> **WHAT THE TASK ASKS**:
Retype exactly what appears below from the line containing "暮色漸染,金雞湖面倒映著天際" down to the line containing "2020년 음력 달력", keeping both end lines. Do not include pictures.

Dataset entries
Start of Block
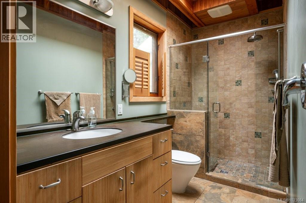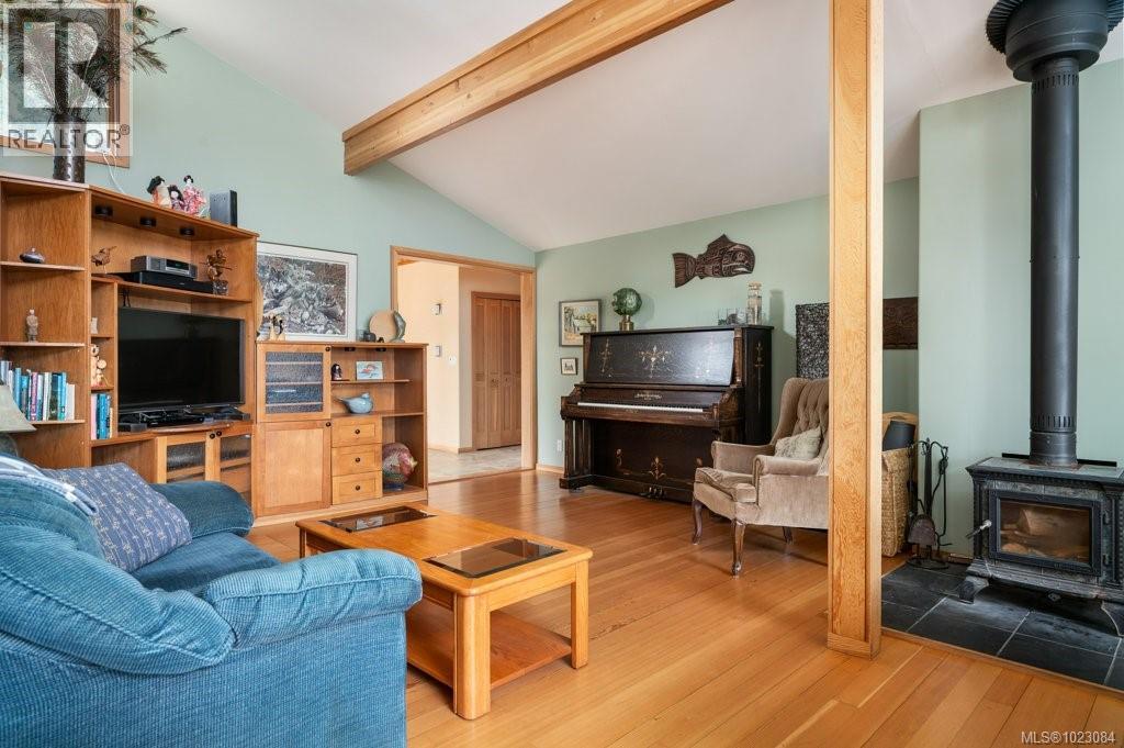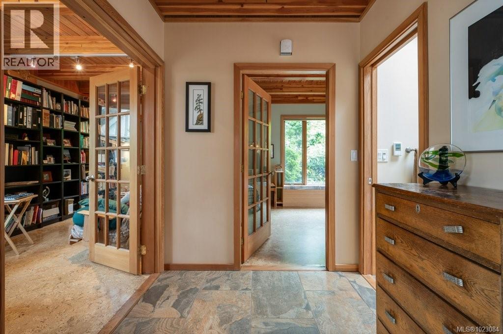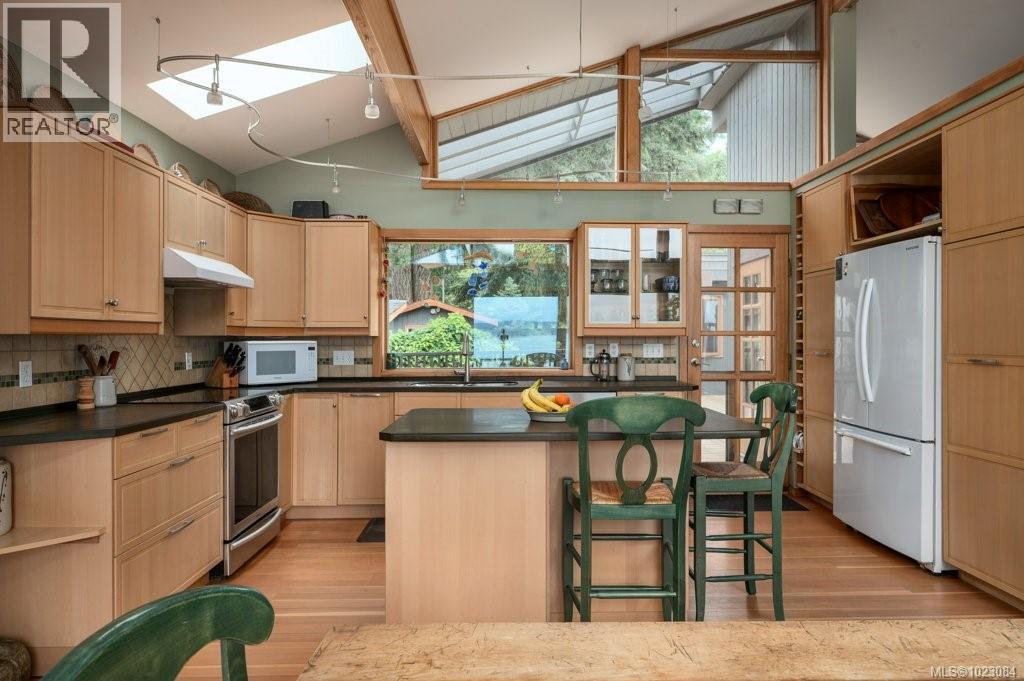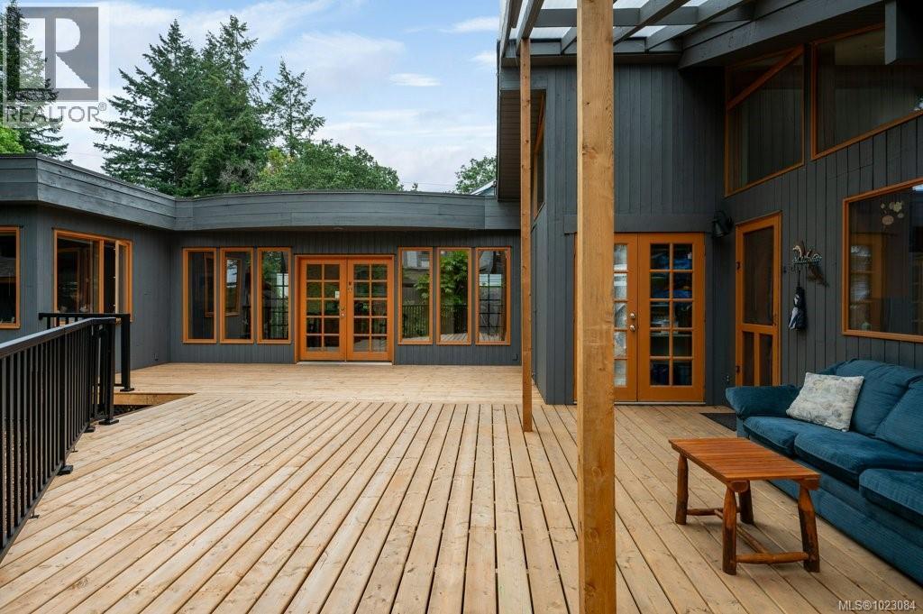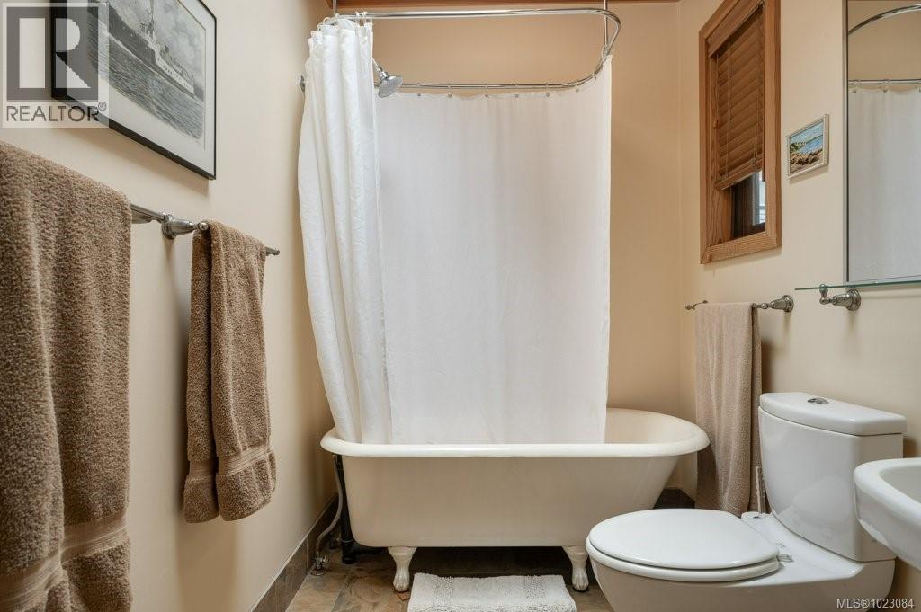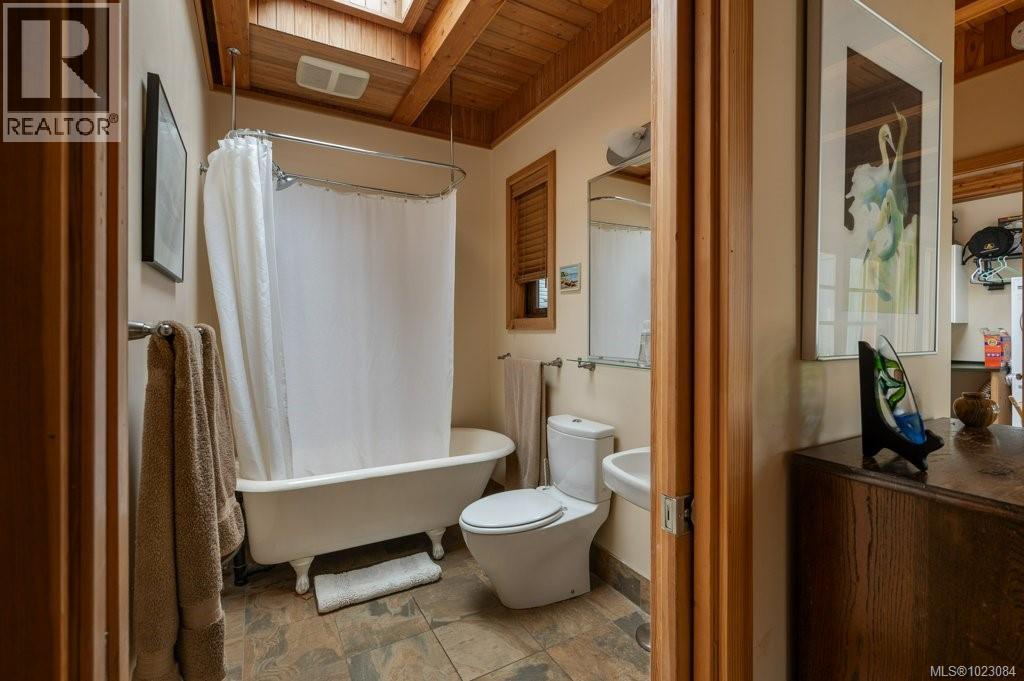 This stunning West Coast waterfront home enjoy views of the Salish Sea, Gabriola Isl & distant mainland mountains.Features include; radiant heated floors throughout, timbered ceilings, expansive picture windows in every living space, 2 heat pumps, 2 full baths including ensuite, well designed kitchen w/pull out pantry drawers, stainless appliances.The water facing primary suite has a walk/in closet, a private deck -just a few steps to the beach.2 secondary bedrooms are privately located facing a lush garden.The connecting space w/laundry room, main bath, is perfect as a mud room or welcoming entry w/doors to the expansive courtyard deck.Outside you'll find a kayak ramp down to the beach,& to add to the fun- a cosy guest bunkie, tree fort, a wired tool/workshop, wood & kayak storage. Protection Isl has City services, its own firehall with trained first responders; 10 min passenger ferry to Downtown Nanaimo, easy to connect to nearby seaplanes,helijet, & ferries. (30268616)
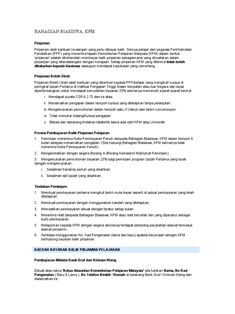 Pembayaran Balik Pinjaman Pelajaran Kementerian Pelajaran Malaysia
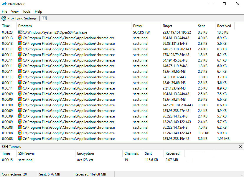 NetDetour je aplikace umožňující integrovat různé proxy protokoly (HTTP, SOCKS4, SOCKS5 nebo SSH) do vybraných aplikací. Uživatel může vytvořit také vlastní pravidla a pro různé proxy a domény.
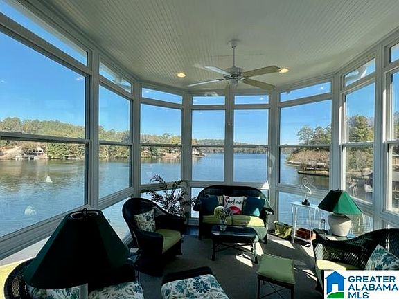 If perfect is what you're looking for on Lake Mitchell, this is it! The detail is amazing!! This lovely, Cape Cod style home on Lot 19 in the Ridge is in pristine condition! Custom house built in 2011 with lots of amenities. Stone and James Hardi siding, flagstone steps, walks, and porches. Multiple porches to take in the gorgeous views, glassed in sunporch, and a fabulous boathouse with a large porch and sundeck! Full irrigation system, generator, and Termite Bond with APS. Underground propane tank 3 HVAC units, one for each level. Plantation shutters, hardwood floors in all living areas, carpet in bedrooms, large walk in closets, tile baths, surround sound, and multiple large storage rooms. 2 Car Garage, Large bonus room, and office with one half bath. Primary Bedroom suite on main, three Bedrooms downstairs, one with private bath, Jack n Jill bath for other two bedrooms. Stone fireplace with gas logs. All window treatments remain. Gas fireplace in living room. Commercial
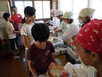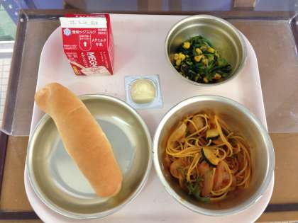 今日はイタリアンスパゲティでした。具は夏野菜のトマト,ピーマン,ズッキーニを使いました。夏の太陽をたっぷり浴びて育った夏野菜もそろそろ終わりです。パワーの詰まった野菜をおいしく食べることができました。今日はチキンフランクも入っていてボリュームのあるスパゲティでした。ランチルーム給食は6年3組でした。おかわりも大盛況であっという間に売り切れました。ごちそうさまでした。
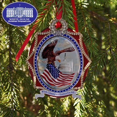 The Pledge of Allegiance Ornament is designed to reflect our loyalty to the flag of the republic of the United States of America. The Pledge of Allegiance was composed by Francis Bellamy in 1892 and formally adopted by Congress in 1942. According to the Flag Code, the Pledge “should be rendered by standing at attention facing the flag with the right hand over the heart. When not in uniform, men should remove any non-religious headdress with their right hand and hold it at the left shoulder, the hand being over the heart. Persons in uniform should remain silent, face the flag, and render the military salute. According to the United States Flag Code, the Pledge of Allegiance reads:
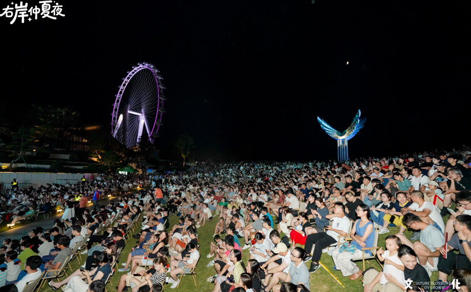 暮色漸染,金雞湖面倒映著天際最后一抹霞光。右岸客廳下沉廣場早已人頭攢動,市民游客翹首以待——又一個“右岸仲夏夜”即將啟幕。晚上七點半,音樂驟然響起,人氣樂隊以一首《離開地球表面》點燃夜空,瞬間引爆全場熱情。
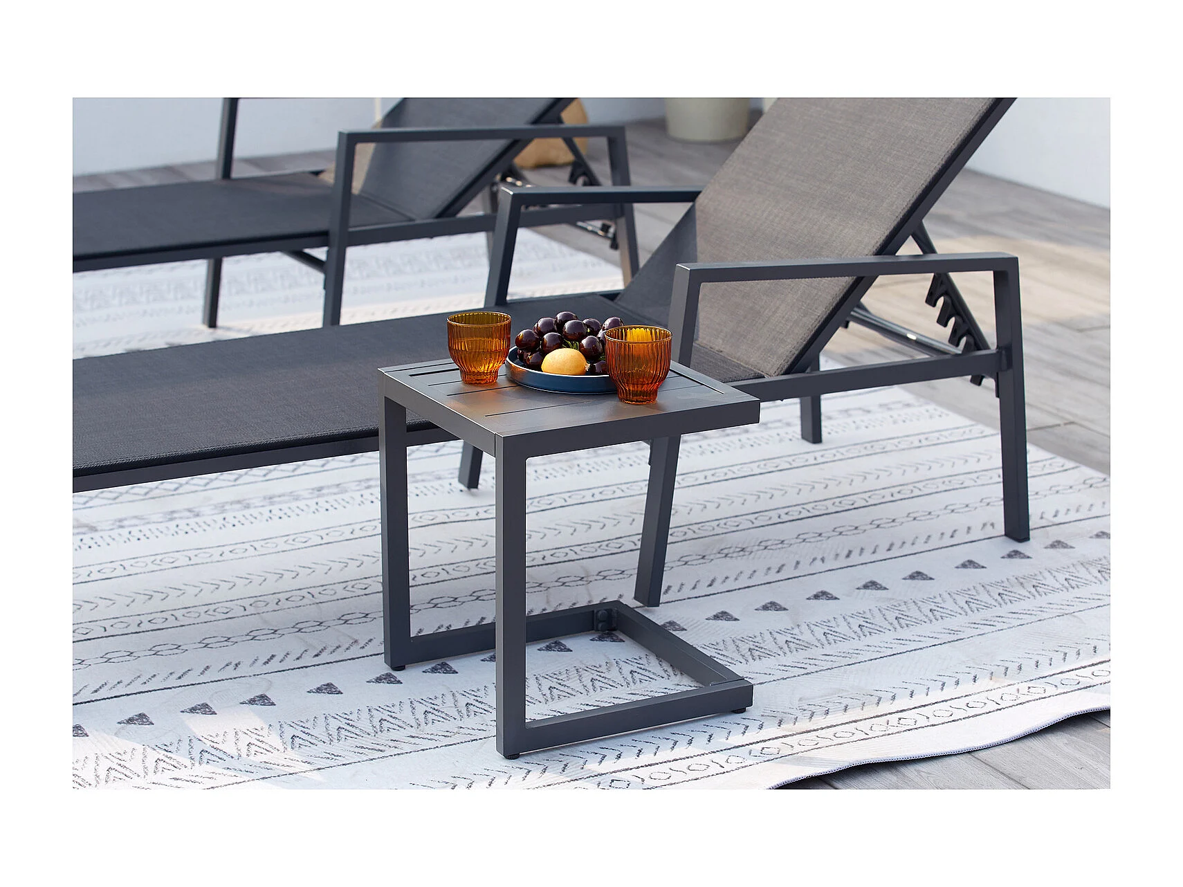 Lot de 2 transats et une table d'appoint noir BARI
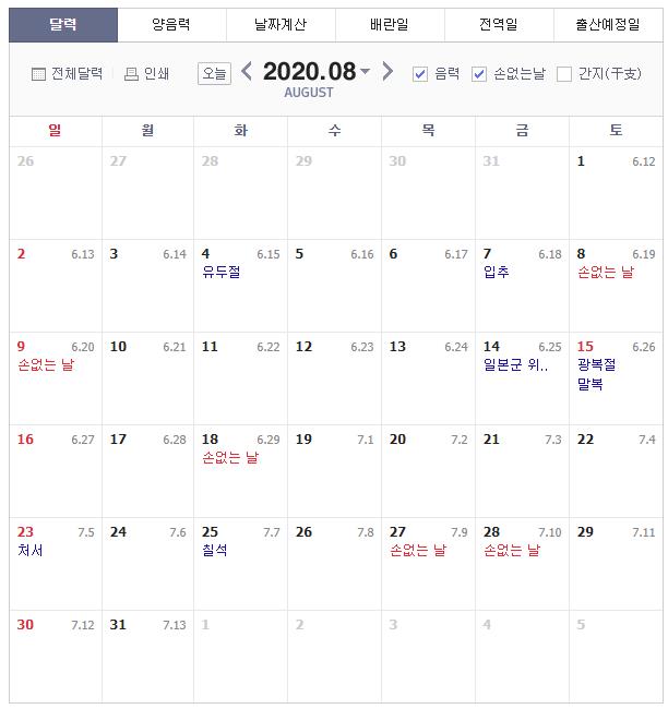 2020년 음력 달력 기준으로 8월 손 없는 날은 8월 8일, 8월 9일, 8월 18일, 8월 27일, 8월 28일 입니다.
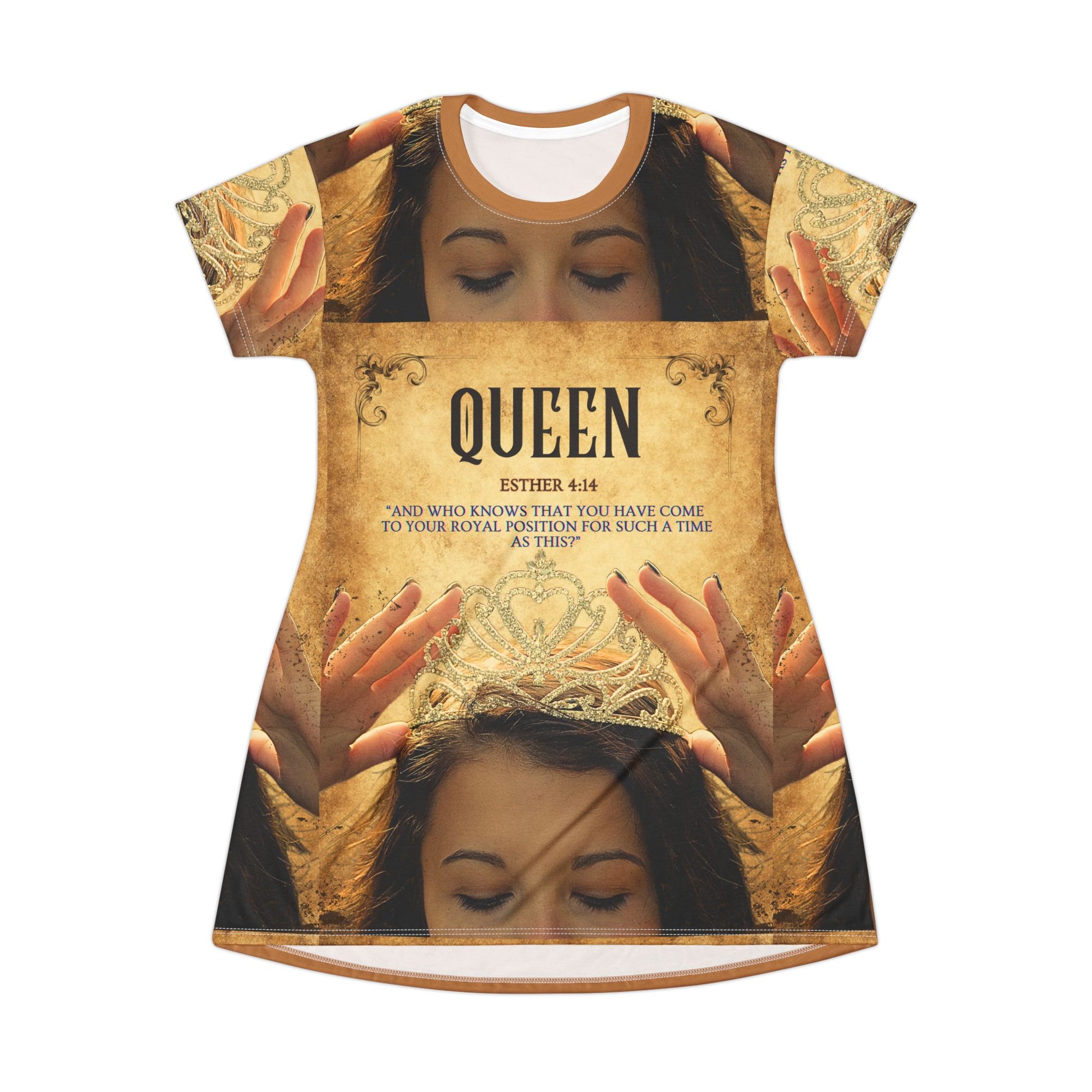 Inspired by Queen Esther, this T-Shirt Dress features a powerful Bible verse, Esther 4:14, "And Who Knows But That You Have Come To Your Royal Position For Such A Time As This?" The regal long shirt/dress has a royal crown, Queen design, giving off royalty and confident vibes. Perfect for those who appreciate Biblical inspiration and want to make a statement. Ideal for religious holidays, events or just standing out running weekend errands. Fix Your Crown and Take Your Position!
End of Block
> **TASK ANSWER**:
 暮色漸染,金雞湖面倒映著天際最后一抹霞光。右岸客廳下沉廣場早已人頭攢動,市民游客翹首以待——又一個“右岸仲夏夜”即將啟幕。晚上七點半,音樂驟然響起,人氣樂隊以一首《離開地球表面》點燃夜空,瞬間引爆全場熱情。
 Lot de 2 transats et une table d'appoint noir BARI
 2020년 음력 달력 기준으로 8월 손 없는 날은 8월 8일, 8월 9일, 8월 18일, 8월 27일, 8월 28일 입니다.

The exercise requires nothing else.